Hansson and co. seems to find the argument that the Nobel Prizes award achievements at a time where there weren’t many women in science tenable when in fact it distracts from the selection committee’s bizarre oversight of such worthy names as Lise Meitner, Vera Rubin, Chien-Shiung Wu, etc. But Hansson needs to understand that the only meaningful change is change that happens right away because, even for this significant flaw that should by all means have diminished the prizes to a contest of, for and by men, the Nobel Prizes have only marginally declined in reputation.

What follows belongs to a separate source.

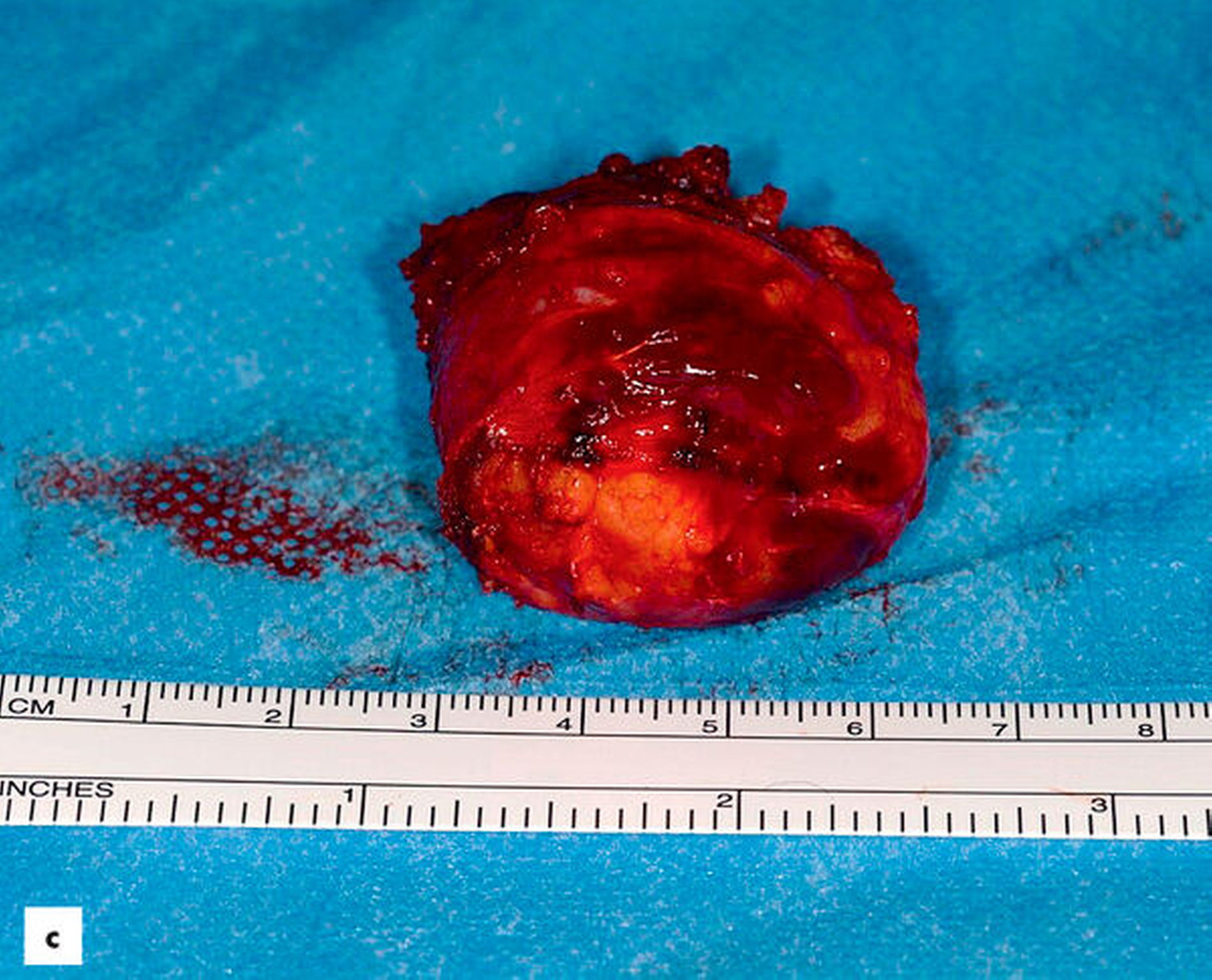 Der Tumor konnte so vollständig entfernt werden (Abbildung 3c). Die histopathologische Beurteilung zeigte monomorphe, basaloid gepackte Zellen mit umgebender Kapsel. Dies entsprach dem Befund eines Basalzelladenoms der Speicheldrüse.

Why do they matter when they clearly shouldn’t?

For example, according to the most common comments received in response to articles by The Wire shared on Twitter and Facebook, and always from men, the prizes reward excellence, and excellence should brook no reservation, whether by caste or gender. As is likely obvious to many readers, this view of scholastic achievement resembles a blade of grass: long, sprouting from the ground (the product of strong roots but out of sight, out of mind), rising straight up and culminating in a sharp tip.

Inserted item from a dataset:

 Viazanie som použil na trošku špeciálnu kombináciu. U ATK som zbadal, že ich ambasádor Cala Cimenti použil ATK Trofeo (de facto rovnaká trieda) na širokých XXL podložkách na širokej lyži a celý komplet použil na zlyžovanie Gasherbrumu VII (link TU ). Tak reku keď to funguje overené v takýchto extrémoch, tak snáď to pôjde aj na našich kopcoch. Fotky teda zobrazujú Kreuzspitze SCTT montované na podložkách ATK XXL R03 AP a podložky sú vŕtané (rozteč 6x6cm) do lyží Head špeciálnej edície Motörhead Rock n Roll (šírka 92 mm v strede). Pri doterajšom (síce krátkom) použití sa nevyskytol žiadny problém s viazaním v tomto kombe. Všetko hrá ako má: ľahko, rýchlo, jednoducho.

However, achievement is more like a jungle: the scientific enterprise – encompassing research institutions, laboratories, the scientific publishing industry, administration and research funding, social security, availability of social capital, PR, discoverability and visibility, etc. – incorporates many vectors of bias, discrimination and even harassment towards its more marginalised constituents. Your success is not your success alone; and if you’re an upper-caste, upper-class, English-speaking man, you should ask yourself, as many such men have been prompted to in various walks of life, who you might have displaced.

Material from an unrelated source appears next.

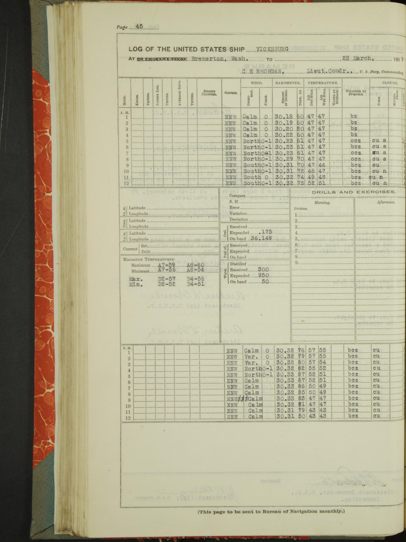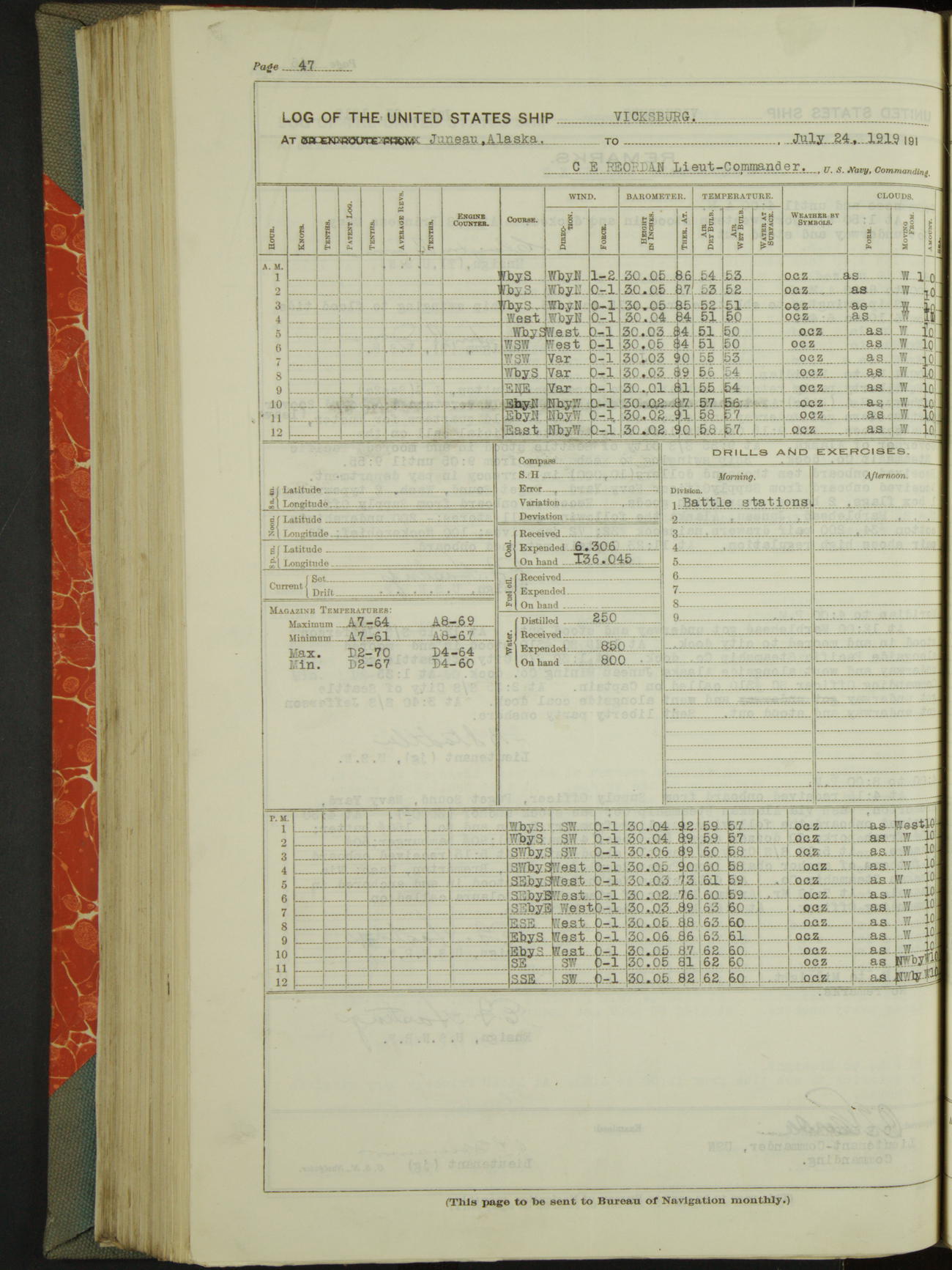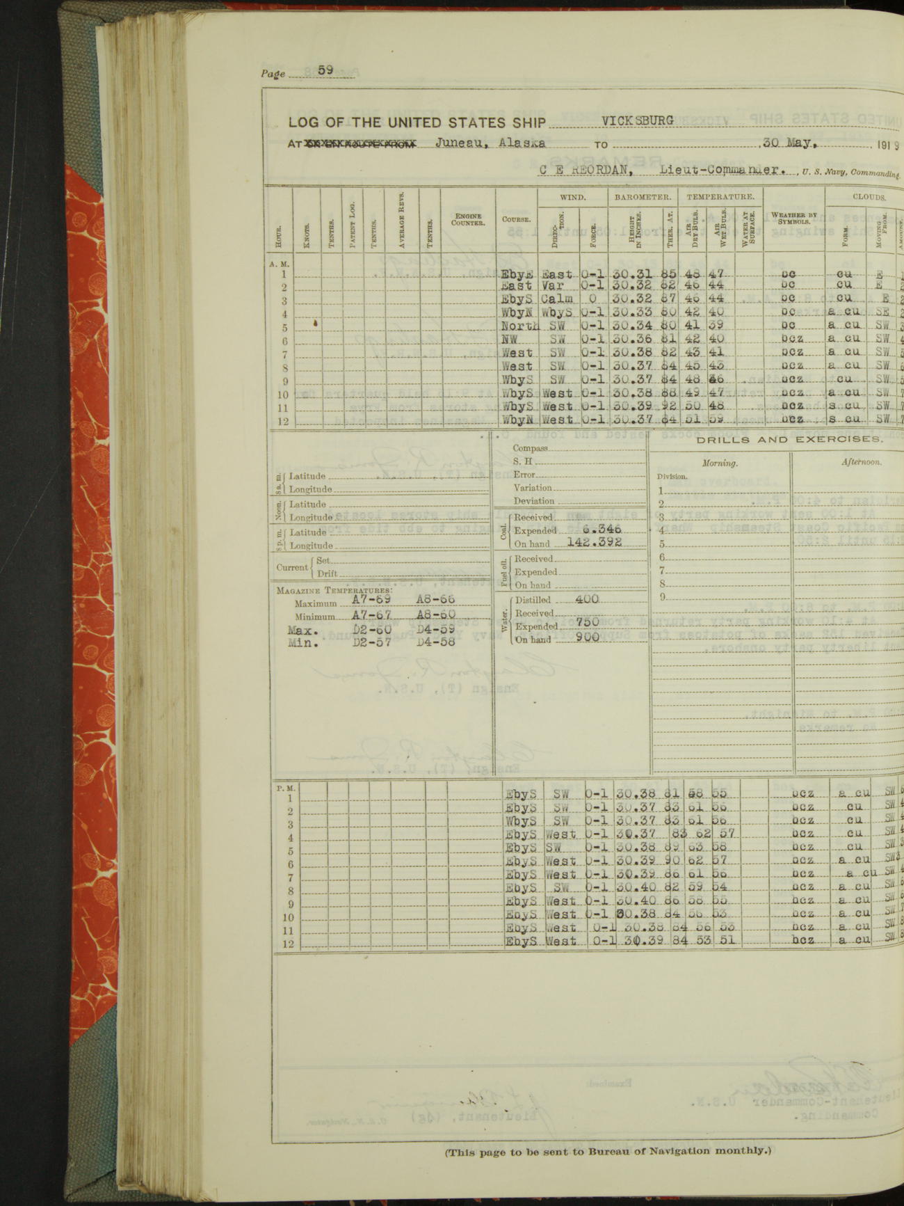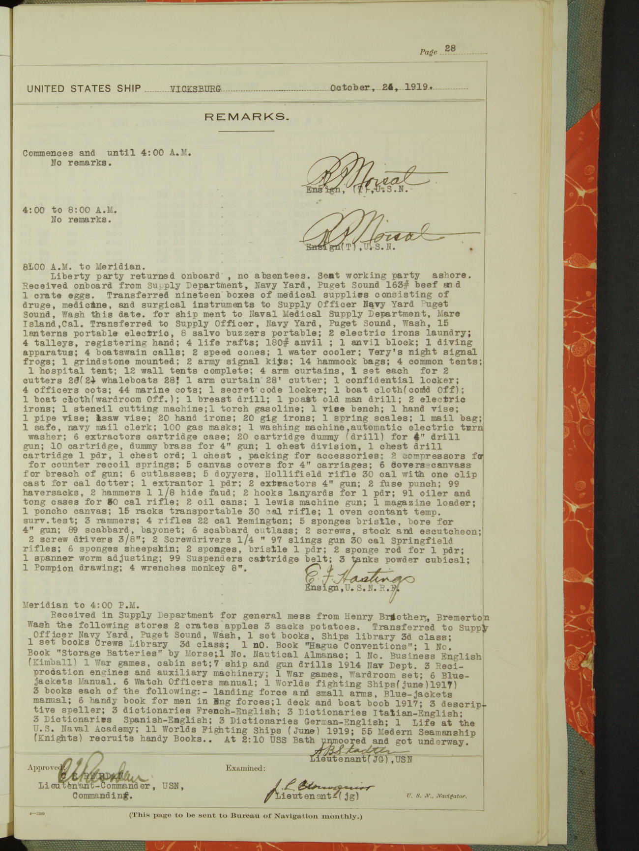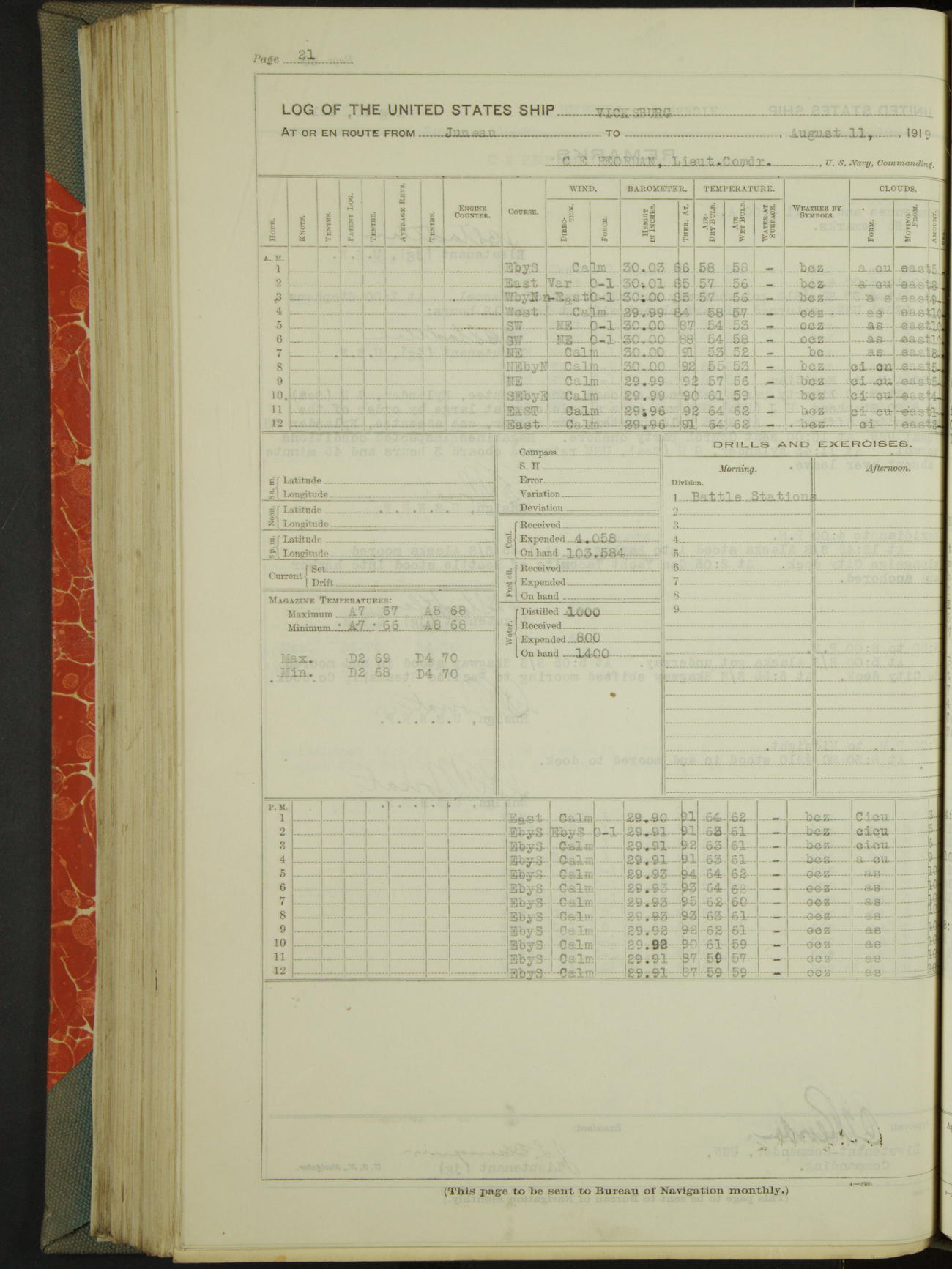 Log BoLog book of the USS "Vicksburg", 3rd rate, commanded by Charles E Reordan, Lieutenet Commander, US Navy, Second Division, Pacific Fleet, Commencing January 1st, 1919, at 1.0am, and ending January 31st, 1919, at Midnight

This isn’t a witch-hunt as much as an opportunity to acknowledge how privilege works and what we can do to make scientific work more equal, equitable and just in future. But the idea that research is a jungle and research excellence is a product of the complex interactions happening among its thickets hasn’t found meaningful purchase, and many people still labour with a comically straightforward impression that science is immune to social forces. Hansson might be one of them if his interview to Nature is anything to go by, where he says:

… we have to identify the most important discoveries and award the individuals who have made them. If we go away from that, then we’ve devalued the Nobel prize, and I think that would harm everyone in the end.

In other words, the Nobel Prizes are just going to look at the world from the top, and probably from a great distance too, so the jungle has been condensed to a cluster of pin-pricks.

Another reason why the Nobel Prizes haven’t been easy to sideline is that the sciences’ ‘blade of grass’ impression is strongly historically grounded, with help from notions like scientific knowledge spreads from the Occident to the Orient.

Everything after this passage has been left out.